Okay. And so that -- those 24 patients you mentioned in the abstract, could you tell us what percentage of those patients would be understandably below what you consider a therapeutic dose level?

Yes. So Dan, this is Raj. I mean, we are -- we think we're getting close to the recommended Phase II dose. And so you can imagine that those patients have been on study the least, in terms of duration. So most of the efficacy data from a long-standing perspective are -- will be from lower dose levels. We also are testing once a day and twice a day cohorts in the study. So you'll see data on both of those cohorts as well. And we wanted to test that because of the shorter half life of the drug and just to make sure that they weren't clear differences between the 2 cohorts or 2 schedules, I should say.

Our next question comes from Chad Messer with Needham & Company.

Well understood that your conversations with regulatory agencies are kind of an ongoing issue, but given that you kind of went out your way to accelerate getting in front of them based on the strength of the trilaciclib data, just wondering if you could share with us any specific issues or questions or any objectives that you're hoping to get out of these initial meetings?

I'll just take -- I'll remind you, they're not initial meetings. We have had a prior dialogue, a really good end of Phase I discussion last year, but I'll turn it over to Raj on expectations for feedback from these upcoming discussions.

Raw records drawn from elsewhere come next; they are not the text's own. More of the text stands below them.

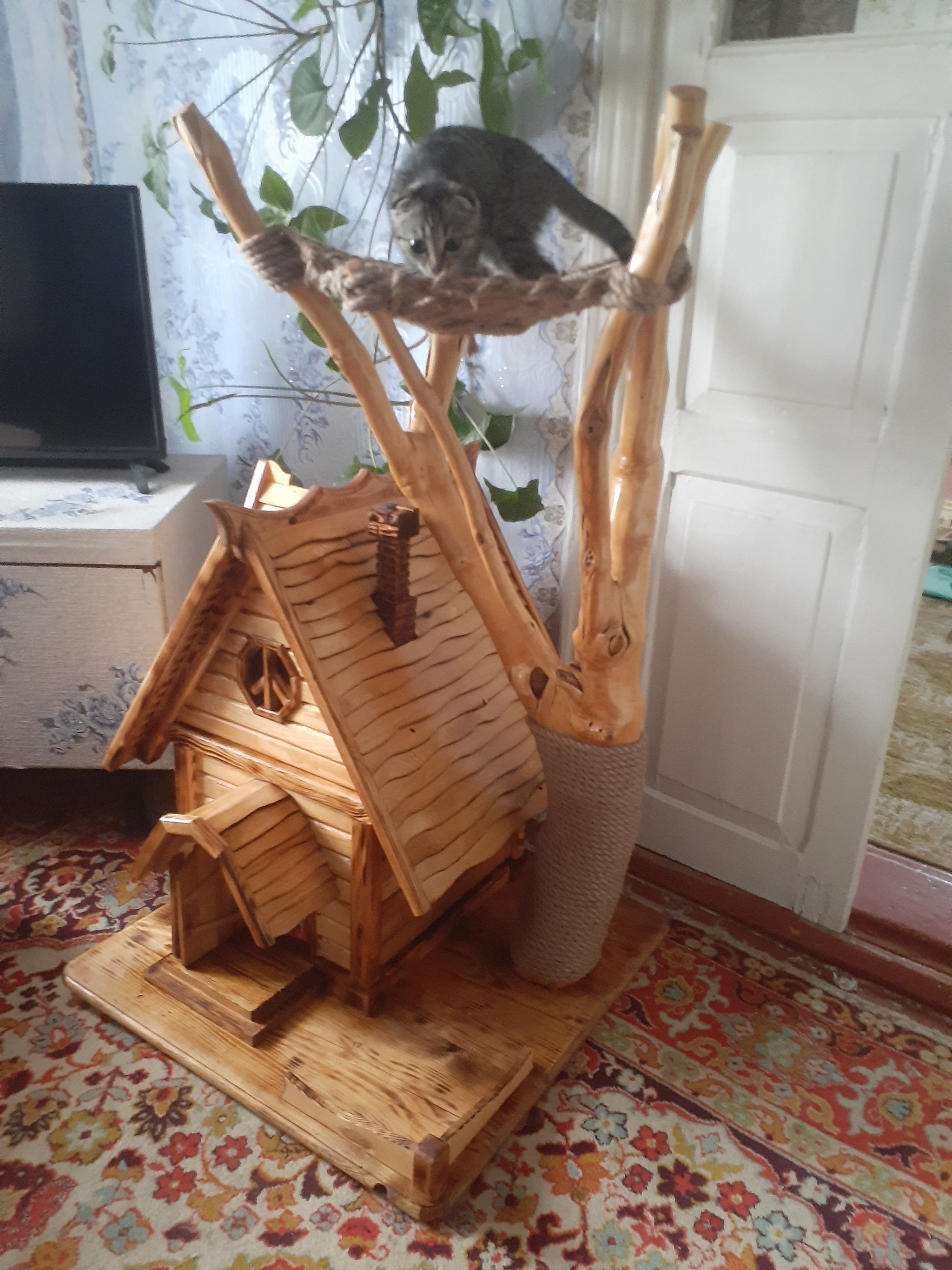 Привет всем). Кошкин дом, собран весь из отдельных косточек, гвоздики и саморезы спрятаны, вся веревка пробита гвоздиками в особенности гамак, все гвозди спрятал в веревке, чтобы узлы не теряли вида, сам гамак тоже переплетен на узелки всё с той же целью)) всё проклеяно, каждая рейка, так что на него хоть встань, ничего не отломится), дерево прикоучино на 8 ~12-14см утолщенными саморезами через польшую металлическую пластину под которую был выбран паз в столешнице, всё с целью сделать всё очень коепко... делал долго по чуть чуть, не на продажу, а просто в дом, вся идея и исполнение авторское, дощечки обожжены гарелкой, и накрыты безвредным лаком пропиткой на два раза, изначально было всё гораздо проще в голова, но как говорят аппетит появляется во время еды)) и да, подскажить всётаки сколько он будет стоить, ну любопытно)))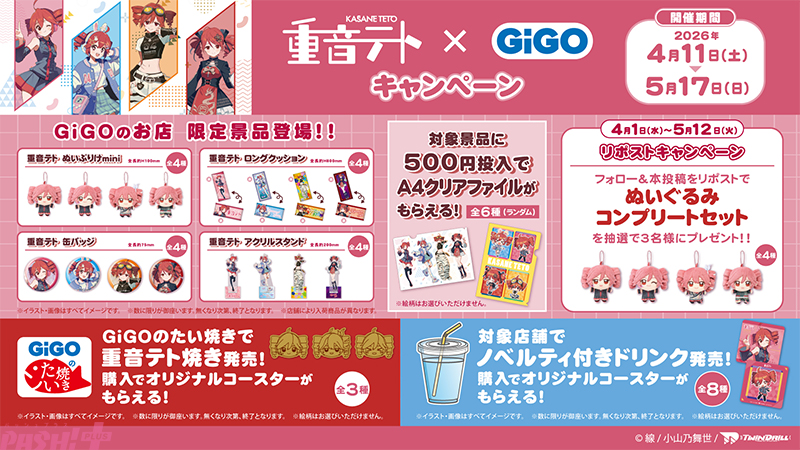 GENDA GiGO EntertainmentはGiGOグループのお店において、2026年4月11日(土)より、クリプトン・フューチャー・メディアが手掛ける『重音テト』とコラボレーションした、「重音テト×GiGOキャンペーン」を開催します。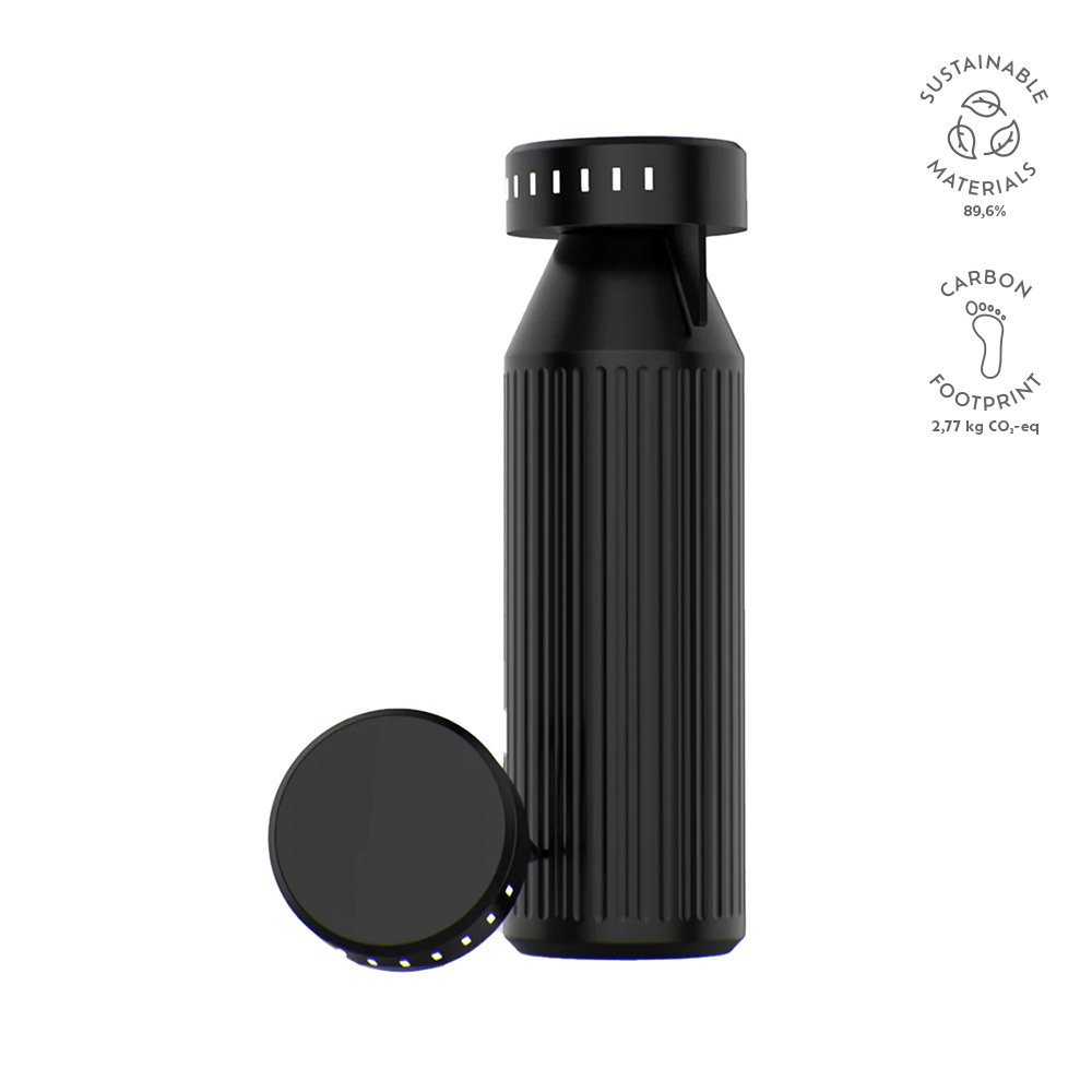 Pozostań nawodniony i na dobrej drodze dzięki naszej dwuściennej butelce ze stali nierdzewnej z recyklingu o pojemności 690 ml (650 ml netto). Dwuścienna i przyjazna dla środowiska butelka przypomina o piciu co 30 minut za pomocą wskaźników LED. Nawodnienie łączy się z innowacją.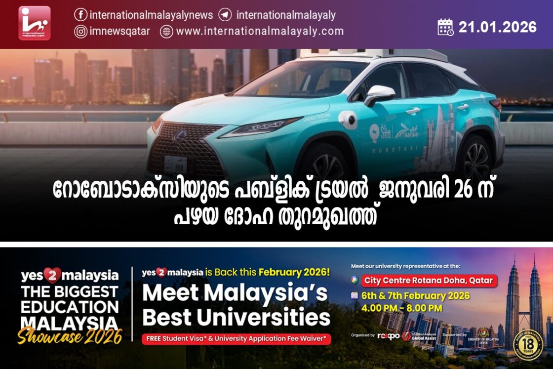 ദോഹ: മൊവാസലാത്ത് (കര്വ) തങ്ങളുടെ പുതിയ റോബോടാക്സിയുടെ പബ്ളിക് ട്രയല് 2026 ജനുവരി 26 തിങ്കളാഴ്ച രാവിലെ 10 മുതല് വൈകുന്നേരം 4 വരെ പഴയ ദോഹ തുറമുഖത്ത് നടത്തും.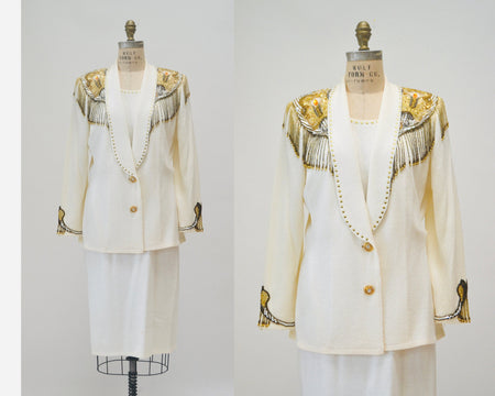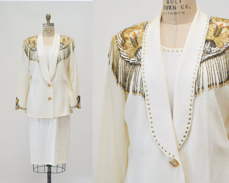 Quick Shop 80s 90s Vintage Cream Off White Knit Suit Fringe Sequin Beaded Gold Blazer Suit Jacket Skirt Medium Large By Francine Knit Wedding Suit $270.00 Quick Shop

Yes. So as you know, Chad, the data are very compelling. It is a -- it's a novel mechanism of action with a multi-lineage effects that we saw. And when you're going and doing something that is a little bit different, the more chances you have to get in front of the regulators and get a sense of how they're thinking, really helps the development program. So that's really the main intention here, get in front of them, get there, first of all, reaction to the data, make sure that they are as excited as we are. And secondly -- obviously, we'll be talking about end points and things like that and getting their thoughts on our proposals.

At this time, I'm showing no further questions. I'd now like to turn the call back over to Dr. Velleca for closing remarks.

Thank you. Thanks all for joining the call. Please reach out to us, if you have any additional questions. Look forward to seeing many of you at ASCO, and have a good evening.

Ladies and gentlemen, thank you for your participation in today's conference. This does conclude the program. You may now disconnect. Everyone, have a great day.